Anti-diarrheal medications like loperamide (Imodium) are also off-limits for toddlers. These drugs slow gut movement, which can be dangerous in small children because it traps the infection inside longer.
There is one prescription anti-nausea medication that doctors sometimes use for children this age. It can be prescribed as a single dose for kids six months and older who are vomiting from a stomach bug and becoming dehydrated. Your pediatrician may call this in if your child can’t keep any fluids down. It’s not something to seek out as a first step, but it’s worth knowing it exists if home rehydration isn’t working.
What About Ginger?
Ginger has some real evidence behind it for pediatric vomiting. A randomized controlled trial of children ages 1 to 10 with stomach-virus-related vomiting found that a small oral ginger dose (10 mg) reduced the percentage of children who continued vomiting from 87% in the placebo group to 67% in the ginger group. That’s a meaningful difference. The ginger was given as drops, followed by oral rehydration solution 30 minutes later.
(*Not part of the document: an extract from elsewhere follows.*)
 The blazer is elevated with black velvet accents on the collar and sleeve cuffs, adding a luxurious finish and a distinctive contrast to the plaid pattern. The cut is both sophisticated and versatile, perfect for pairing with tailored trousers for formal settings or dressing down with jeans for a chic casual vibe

That said, finding a ginger product specifically formulated and dosed for a 1-year-old can be tricky. If you want to try this route, ask your pediatrician for a specific product recommendation rather than guessing with adult ginger supplements or ginger ale (which contains very little actual ginger and too much sugar).
When to Reintroduce Food
You may have heard of the BRAT diet (bananas, rice, applesauce, toast) as the go-to for a sick stomach. The American Academy of Pediatrics no longer recommends following it strictly because it’s too low in nutrients and can actually slow recovery if used for more than 24 hours. A child’s gut heals faster with a normal, balanced diet than with a highly restricted one.
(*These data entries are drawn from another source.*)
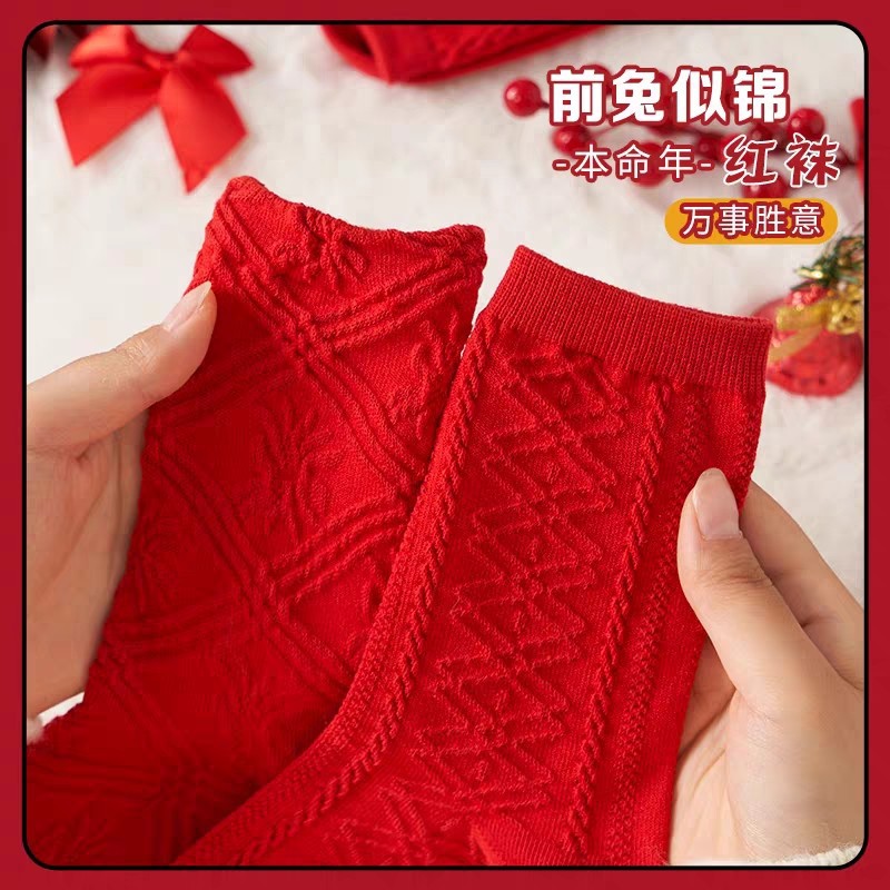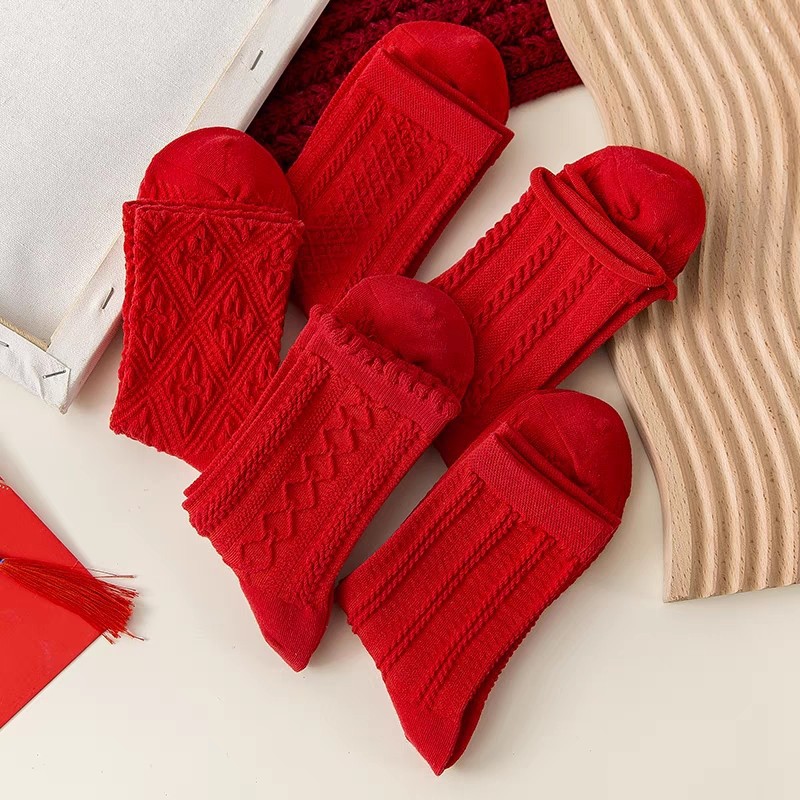 Benmingnian 양말 여자의 중간 길이 양말 가을과 겨울 면 새해 웨딩 양말 축제 단색 토끼 년 빨간 양말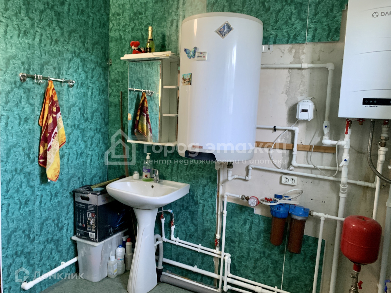 Газ, водяное отопление, скважина, сан.узел в доме.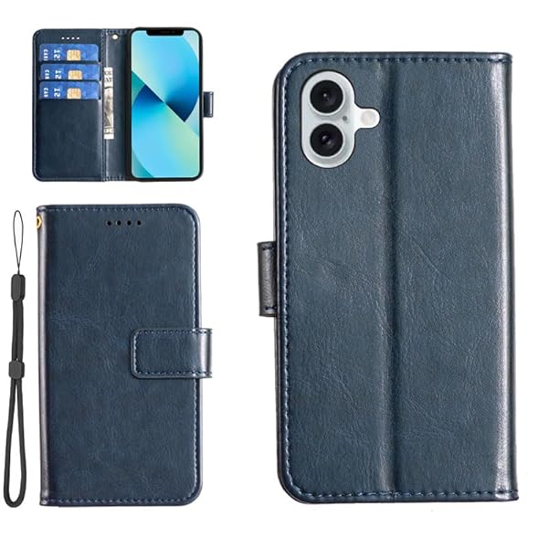 iPhone16 ケース 手帳型 カード収納 銀行カード 現金 スタンド 防塵 防水 スマホケース 全面保護 耐摩擦 手触りが良い 耐衝撃 高級合皮 上質 人気 紺青

Once your child has kept fluids down for a few hours, offer whatever foods they’ll eat from their regular diet. Bland, starchy foods like crackers, plain pasta, or mashed potatoes are fine starting points, but you don’t need to limit them to only those. Protein and healthy fats help the gut lining repair itself. If your child wants yogurt, chicken, or scrambled eggs, that’s perfectly okay. Follow their appetite and don’t force food if they’re not interested yet.
How to Track Dehydration
Dehydration is the real danger with vomiting, not the vomiting itself. At this age, wet diapers are your best monitoring tool. Six to eight wet diapers a day is normal for a 1-year-old. Fewer than three or four wet diapers in a day signals dehydration that needs medical attention.
Other signs to watch for include a dry mouth, crying without tears, sunken-looking eyes or cheeks, and unusual sleepiness or irritability. Dry skin and a sunken soft spot on the head (if it hasn’t fully closed yet) are also red flags. Mild dehydration, where your child is a little less active but still producing some wet diapers, can usually be managed at home with consistent small sips. Moderate to severe dehydration needs a doctor.
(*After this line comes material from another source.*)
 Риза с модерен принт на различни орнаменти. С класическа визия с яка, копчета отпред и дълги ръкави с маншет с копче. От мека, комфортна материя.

Signs That Need Emergency Care
Most stomach viruses are miserable but harmless. Certain patterns of vomiting, however, signal something more serious. Get emergency care if your child’s vomit contains blood or green material (which can indicate a bowel obstruction). Black or bloody stools alongside vomiting also warrant an immediate visit.
Projectile vomiting in an infant or young toddler, where the vomit shoots out forcefully rather than dribbling, needs urgent evaluation. Other emergency signs include severe abdominal pain or swelling, no wet diapers for eight hours or more, and a child who is extremely lethargic or difficult to wake. If your child seems limp, unresponsive, or dramatically unlike themselves, don’t wait to see if it improves.